Конечно, я и раньше могла бы догадаться, чтобы теперь не ронять вилку на фарфоровую тарелку. Если бы в свое время повнимательней прислушалась к «гласу народа», исходившему от сольской почтальонши Анны Ивановны. Ведь вот не детектив с лицензией, университетов, небось, не кончала, а сразу, безошибочно, одной своей только врожденной мудрой проницательностью, как лакмусовой бумажкой, «проявила» мерзавку! Только одно и извиняет тебя, Таня дорогая: что сама ты видела эту Яночку только раз да и то — мельком. Мелькнуло живое изображение — и исчезло, остались одни разговоры: «Яночка добрая, Яночка хорошая, Яночка наш ангел-хранитель…»
— …На том самом знаменитом чемпионате они с Сергеем и познакомились, — врезался в мои нелицеприятные размышления голос Маргариты Викторовны. — Яна в Австрии проводила отпуск со своим другом — так это теперь называется. Один здешний банкир, в отцы ей годился. А Яне только двадцать два исполнилось… Разумеется, никто моего мнения об этой связи не спрашивал. Правда, жила она уже отдельно: он ей квартирку купил. Ну, а чтоб жениться, — об этом и речи быть не могло: свою семью этот «друг» бросать не собирался. А тут Жиров подвернулся: молодой, красивый, и слава при нем, и будущее… И он сразу все это бросил к ее ногам! В общем, из Австрии они вернулись уже вместе. Из Москвы Яна отбила мне телеграмму: «Встречай с мужем». Я не знала, что и думать… Еще картошечки, Таня? Я поставлю чайник…
Добавку я решительно отвергла: от такой острой информационной «приправы» все съеденное казалось гораздо тяжелее.
— Как я потом узнала, это Сергей настоял, чтобы поехать ко мне познакомиться. В то время моя дочка еще не рассказывала всем, что ее мама погибла в автокатастрофе… А вот у Сережи родителей не было, его воспитывала тетка-старушка. Славный он был парень, Сережа. Добрый, душевный. Даже «звездная болезнь» его не коснулась: он будто стеснялся всего этого — известности своей… А уж к Яне-то как относился, господи! Кроме нее, никого для него на всем свете не было. И ни одного упрека насчет «чужих объедков»… Как я радовалась тогда, Танечка! Надеялась, что его большая любовь и ей душу очистит, человеком сделает. Да куда там…
За чаем я услышала окончание этой печальной повести о большой любви и большом предательстве. Впрочем, ее концовка и без того легко угадывалась.

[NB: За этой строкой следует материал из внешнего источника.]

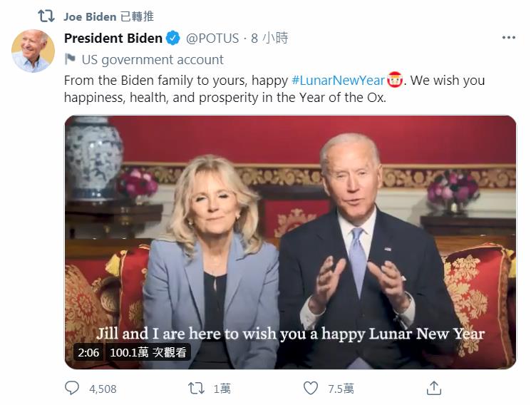 当地时间2月12日(农历大年初一),美国总统拜登与第一夫人吉尔在社交媒体上发表视频,送上春节祝福。他们祝愿每一位庆祝春节的人节日快乐,并表示这是一个辞旧迎新的时刻,也是一个庆祝的时刻,对很多美国人来说,从来没有像这样现在这样需要一个新的开始。针对种族主义、骚扰和仇恨,拜登表示,「这是完全错误的。每一个人,无论他们的种族、背景、宗教或者他们所说的语言是什么,都应得到平等的待遇和应有的尊严」
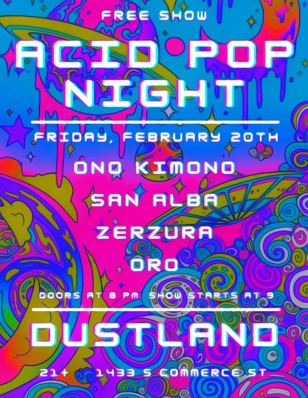 Back to All Events Acid Pop Night Friday, February 20, 2026 8:00 PM 11:59 PM The Dustland 1433 South Commerce Street Las Vegas, NV, 89102 United States (map) Google Calendar ICS Doors at 8p | Free Show A colorful, psychedelic pop night featuring Ono Kimono, San Alba, Oro, and Zerzura. Dreamy sounds, shimmering grooves, and an intimate three-hour live experience at DustlandFeaturing Ono Kimono | San Alba | Zerzura | Oro21+
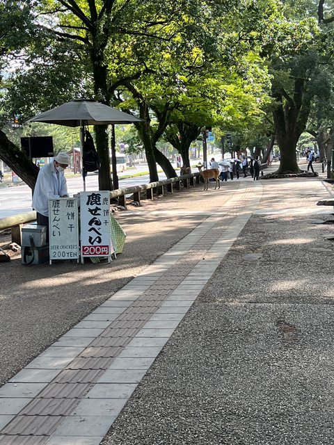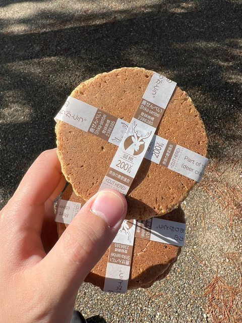 馬上就能看到路邊有人在賣一箱箱的鹿仙貝 (1份200日幣)

Молодые уехали в Харьков: Сергей еще жил там, будучи гражданином России, хотя совмещать это становилось все труднее. Вскоре Яночка Жирова прислала матери письмо, полное жалоб на жизнь: средств не хватает, переезд в Москву затягивается и, кажется, зря она, поддавшись уговорам мужа, поторопилась забеременеть… Маргарита отписала дочке, что это, мол, горе — не горе, что многим живется куда хуже, и что у нее есть главное: порядочный, любящий муж, с которым она должна оставаться и в радости, и в беде.
Как восприняла Яна мамины наставления, Олехновская узнала очень скоро. О полученной зятем травме позвоночника сообщила ей тетя Сергея. Старушка плакала в трубку и уговаривала Маргариту Викторовну приехать: у молодых «что-то неладно». Пока теще удалось взять отпуск на работе, прошло больше недели. В харьковской квартире Жировых дочь она застала, собирающей чемоданы. Яна сообщила потрясенной матери, что Жиров дает ей развод и даже о хорошей работе для нее договорился — в реабилитационном центре Госкомспорта под Москвой. Приступать надо немедленно, так что она улетает сегодня вечером.